In response to defendants' motion, plaintiff points to the fact that defendants derive a stipend from allowing individuals to reside in their home and claims that the roof work benefitted a commercial enterprise, as a result of which the homeowner's exemption is not applicable. While the material facts are not in dispute, we disagree with plaintiff's legal conclusion. In 2004, defendants became certified to operate a family care home under a program with the Office for People with Developmental Disabilities. Under this program, defendants have provided a residence to four individuals with disabilities in a family setting (see Mental Hygiene Law § 41.34) and receive a monthly stipend for the services they provide to each of the residents. However, defendants have resided in the home since they purchased it, did not make any renovations to the residence for the purpose of becoming family care providers and do not operate as a corporation, partnership or limited liability company. While defendants have received stipends for the care provided to the individuals in question and have used their residence to provide this care, plaintiff has failed to present any facts which would demonstrate that defendants' receipt of these stipends transformed the residence into a purely commercial enterprise so as to render the homeowner's exemption inapplicable (see Bartoo v. Buell, 87 N.Y.2d at 368, 639 N.Y.S.2d 778, 662 N.E.2d 1068; Castellanos v. United Cerebral Palsy Assn. of Greater Suffolk, Inc., 77 A.D.3d 879, 880, 909 N.Y.S.2d 757 [2010], lv. denied 16 N.Y.3d 704, 919 N.Y.S.2d 119, 944 N.E.2d 657 [2011]; Crowningshield v. Kim, 19 A.D.3d 975, 976–977, 798 N.Y.S.2d 172 [2005], lv. denied 5 N.Y.3d 711, 806 N.Y.S.2d 161, 840 N.E.2d 130 [2005]; Rivera v. Revzin, 163 A.D.2d 896, 897, 559 N.Y.S.2d 74 [1990], lv. denied 79 N.Y.2d 760, 584 N.Y.S.2d 448, 594 N.E.2d 942 [1992] ). Nor has plaintiff raised facts that would negate a showing by defendants that the site and purpose of the roof work was directly related to their residence.
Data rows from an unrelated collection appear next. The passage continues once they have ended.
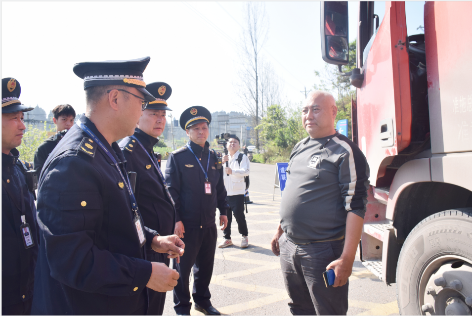 “请问你们从哪里过来?运输的是什么?”“车出厂的时候,货物一定不能超载,篷布一定要将车厢全部遮盖到位避免垃圾飞扬、污染环境,车身要清洗干净。”“路上一定要注意安全。”在G246与遂潼涪江创新产业园区道路三岔路口检查点,执法人员爬上一辆运输车货箱,查看篷布遮盖情况后,又掀开篷布仔细查验了货物;并请驾驶人出示驾驶证、行驶证、运输证等相关证件进行核验;检查完毕后,告知驾驶人相关法律法规。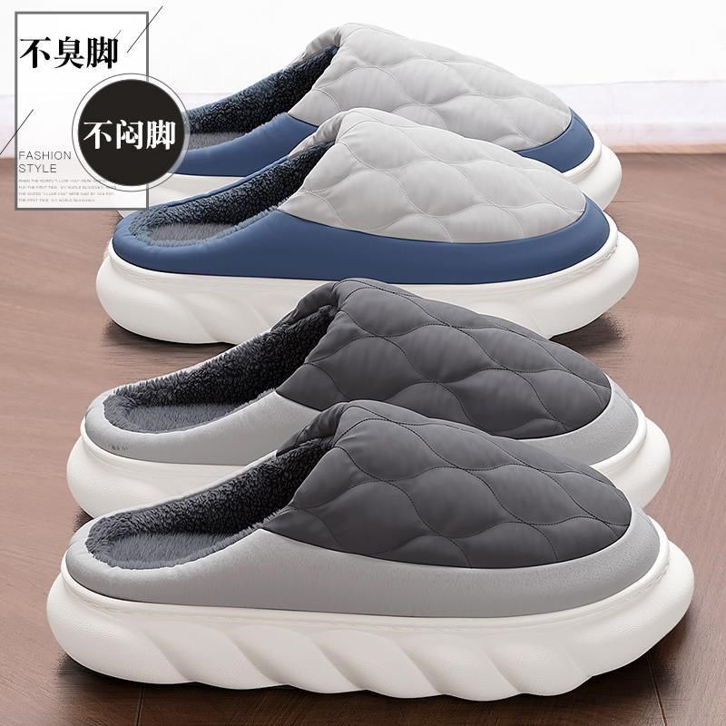 防水棉拖鞋男冬季踩屎感室内家居加绒保暖家用防风棉拖鞋女冬外穿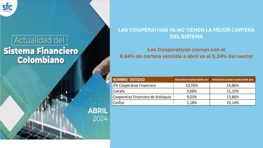 Las Cooperativas cierran con el 8.64% de cartera vencida a abril , muy por encima del indicador del sector, como quiera el indicador de calidad de cartera por mora para el total del portafolio de todos los establecimientos de crédito, calculado como la relación entre el saldo vencido y bruto fue de 5.24%, frente al 5,17% del mes de marzo y bastante alto frente al 4,55% de indicador de cartera que se tenía hace un año en abril de 2.023.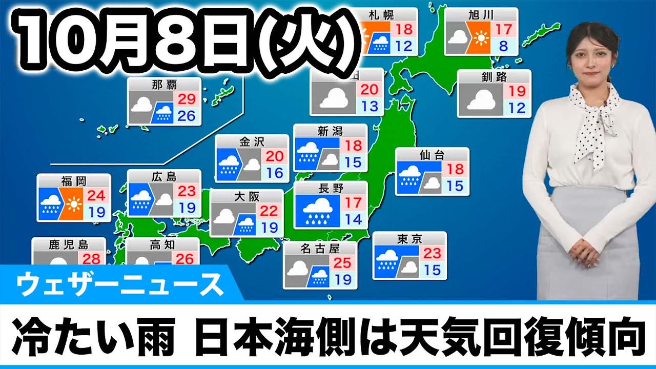 10月8日(火)の天気予報 関東は冷たい雨の一日に 日本海側は天気回復傾向

Accordingly, we are of the view that no issues of fact exist that would prevent a determination, as a matter of law, that the homeowner's exemption applied (see Bartoo v. Buell, 87 N.Y.2d at 368–369, 639 N.Y.S.2d 778, 662 N.E.2d 1068; Allen v. Fiori, 277 A.D.2d 674, 674, 716 N.Y.S.2d 414 [2000]; Stone v. Altarac, 305 A.D.2d at 849–850, 761 N.Y.S.2d 109; cf. Battease v. Harrington, 90 A.D.3d 1124, 1125, 935 N.Y.S.2d 152 [2011] ).
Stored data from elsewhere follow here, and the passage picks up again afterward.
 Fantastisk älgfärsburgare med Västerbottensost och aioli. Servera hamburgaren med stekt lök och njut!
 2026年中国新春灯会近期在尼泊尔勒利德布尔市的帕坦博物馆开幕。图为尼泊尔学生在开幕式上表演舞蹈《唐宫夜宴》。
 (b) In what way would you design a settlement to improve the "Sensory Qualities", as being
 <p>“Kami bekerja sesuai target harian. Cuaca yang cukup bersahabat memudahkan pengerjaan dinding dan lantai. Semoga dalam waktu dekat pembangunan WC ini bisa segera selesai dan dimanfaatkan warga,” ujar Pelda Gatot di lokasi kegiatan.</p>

Moreover, the homeowner's exemption “was enacted to protect those people who, lacking business sophistication, would not know or anticipate the need to obtain insurance to cover them against the absolute liability imposed by” the Labor Law (Lombardi v. Stout, 80 N.Y.2d 290, 296, 590 N.Y.S.2d 55, 604 N.E.2d 117 [1992]; see Hook v. Quattrociocchi, 231 A.D.2d 882, 883, 647 N.Y.S.2d 881 [1996] ). Defendants here met that description, and becoming licensed family care providers for four developmentally disabled individuals did not transform them into sophisticated business persons so as to render the homeowner's exemption inapplicable. Accordingly, plaintiff has failed to raise any triable questions of fact, and Supreme Court properly granted defendants' motion for summary judgment dismissing the complaint.

ORDERED that the order is affirmed, with one bill of costs.


PETERS, P.J., GARRY and EGAN JR., JJ., concur.